Here’s an introduction into ngā kaupeka o Hine Raumati (the different phases of Hine Raumati), and some fun ways to learn and celebrate Hine Raumati this summer.
(Images shared with permission from Teacher Talk; Illustrations by Xoe Hall)
Kiaora, I'm Hine Raumati, the summer maiden and atua Māori of summer.
I am present in the warmer months; I live here on the land (whenua) and help all the yummy foods to grow.
I'm married to Tamanuiterā, the atua of the sun. From about September until around April next year is the time when Hine Takurua (the winter maiden) moves away from Tamanuiterā, and I visit.
During our time together, there are seven phases known as ngā kaupeka o Hine Raumati.
The seven phases are:
1. Matiti Kura
This is the first phase of Hine Raumati and it starts when you hear the pīpīwharauroa (shining cuckoo) sing. Keep your ears open and listen for their call. You might also start to see the bright red berries of the kahikatea or totara ripening. If you’re near the awa (river), watch out for the shimmering whitebait that start to run at this time.
2. Matiti Hana
This second phase is recognisable when the puawananga or puareinga flowers (clematis) turn the top canopy of the forest a brilliant white. You’ll notice a change in temperature and tui are everywhere. This is a great time to be in the māra (garden) and to start planting.
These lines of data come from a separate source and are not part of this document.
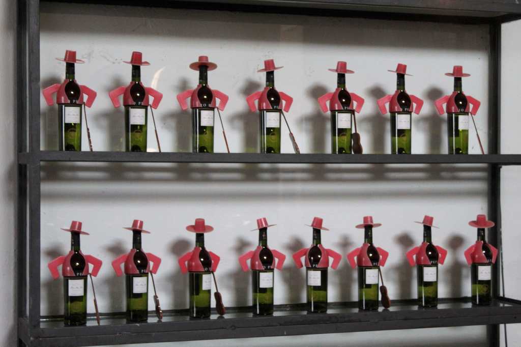 During our time in Jerez, we managed to visit another winery: González Byass. Its name comes from its founder, Manuel María González, and his English agent, Robert Blake Byass. (There is a charming statue of Manuel near the cathedral.) This is possibly the biggest and certainly the most famous producer of sherry. The iconic Tío Pepe fino sherry—whose mascot is a bottle dressed in a red sombrero and jacket, holding a guitar—is from this company. Any visitor to the Puerta del Sol, in Madrid, will recognize it: an advertisement which has been elevated to a symbol of Spain. (An even more famous symbol of Spain, the Osborne Bull, also originated as an advertisement—for sherry brandy.)
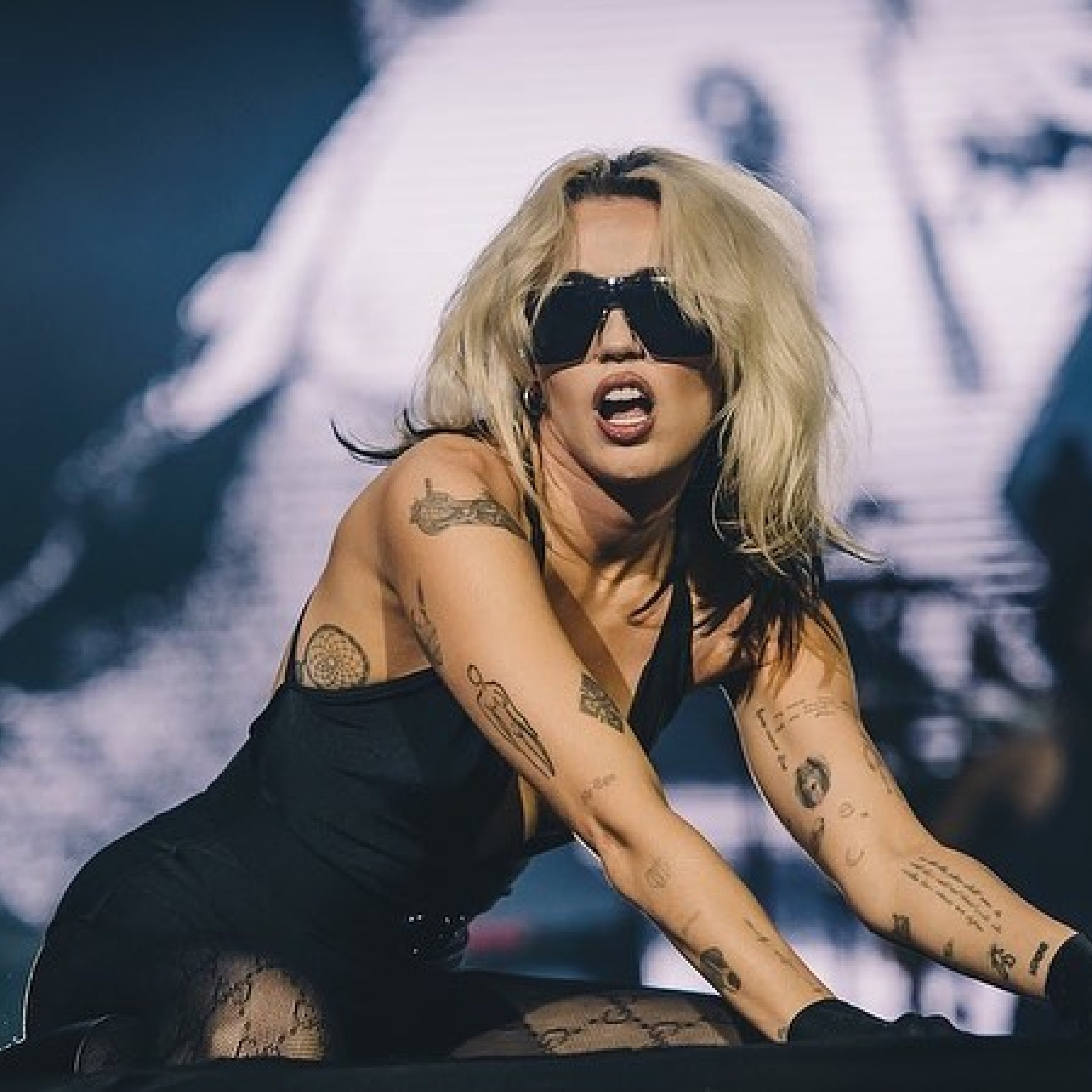 Майлі нерідко звертається до індуїстських релігійних символів. Так на її руці витатуйований сакральний знак Ом, який означає "слово сили". Це звук, який завершує будь-яку молитву, медитацію або релігійний спів і ототожнюється з божественною енергією.
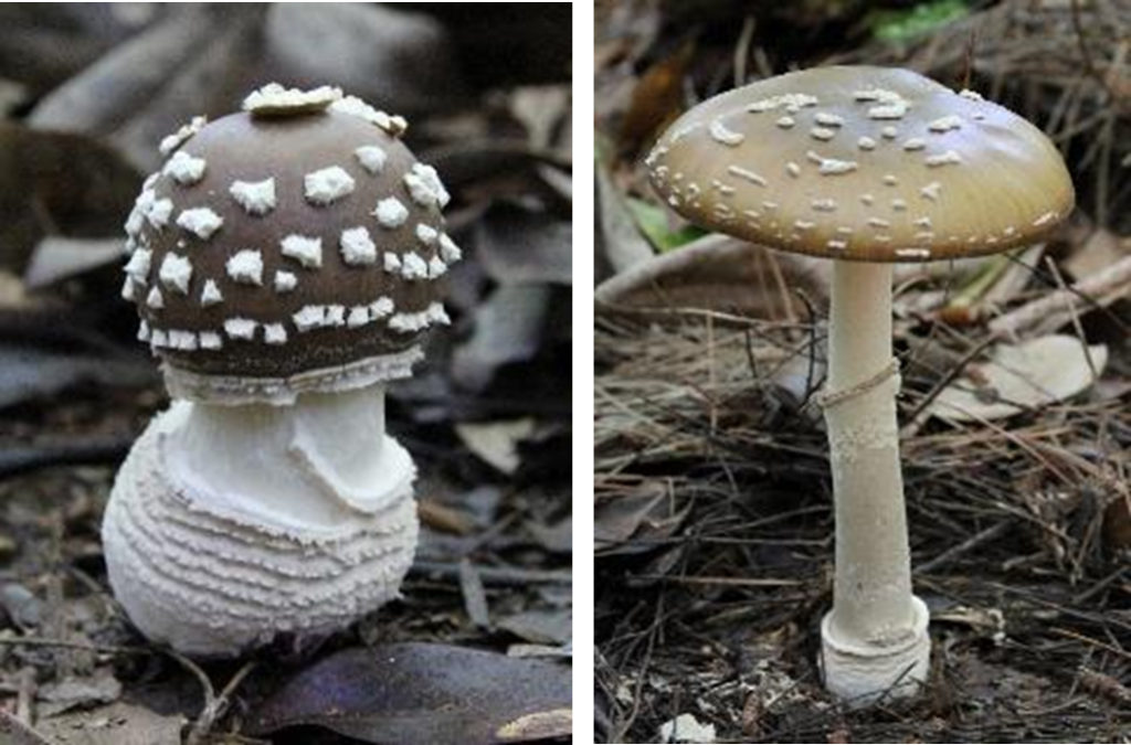 図2.毒キノコの1種テングタケの未熟子実体(左)と成熟子実体(右)

3. Matiti Muramura (The parade will likely happen during this phase)
This phase starts when the star Rehua rises directly into the sun. During this phase you will notice the canopy turns from white to red. This is when the rātā and the older pohutukawa start to flower. It's a good time to go and get kina too.
4. Matiti Kaiwai
During this phase, the ground gets really dry and starts to open up as it thirsts for water – Te kata o te whenua. A good reminder to be mindful of our water use.
5. Matiti Raurehu
This phase is the most difficult to detect but usually occurs in early February, when white dust-like substances on the lawn resembles frost.
6. Matiti Rautapata
This sixth phase is easily identifiable when you look at the ground as all the seed pods burst and fall (tapata) onto the dry leaf bed below.
7. Matiti Rauangina
This is the last phase of summer and is very easy to identify by the leaves that swing to and fro as they fall from the trees. This rhythmic dance is known as te angina or the free fall.
Now let's have some more fun and learn about ways to celebrate Hine Raumati!
Hononga – connect to te taiao. That means we can go outside and connect with nature. Feel the warm sun on your skin and listen to the birds sing.
Tiaki – care for each other. We should always be kind and look out for our friends and family. Summer is a great time to show we care.
Pūrākau – share stories. We can tell stories about fun summer adventures or learn about our Māori traditions and legends.
Auahatanga – get creative. Use your imagination to make art, write a song, or even create your own haka.
Pito mata – potential. This is a special time to dream big and think about exciting things we want to do in the future. We can plant the seeds of our ideas and watch them grow, just like the plants in the summer.
Kapa haka. Hine Raumati has a son named Tānerore, and he's in charge of haka. Now’s the time to watch your favourite rōpū (group) or learn a new waiata.
What does celebrating summer mean for you and your whānau? How might you celebrate across each phase of Hine Raumati?
Let’s enjoy the warm days of summer and have lots of fun while learning about me, Hine Raumati!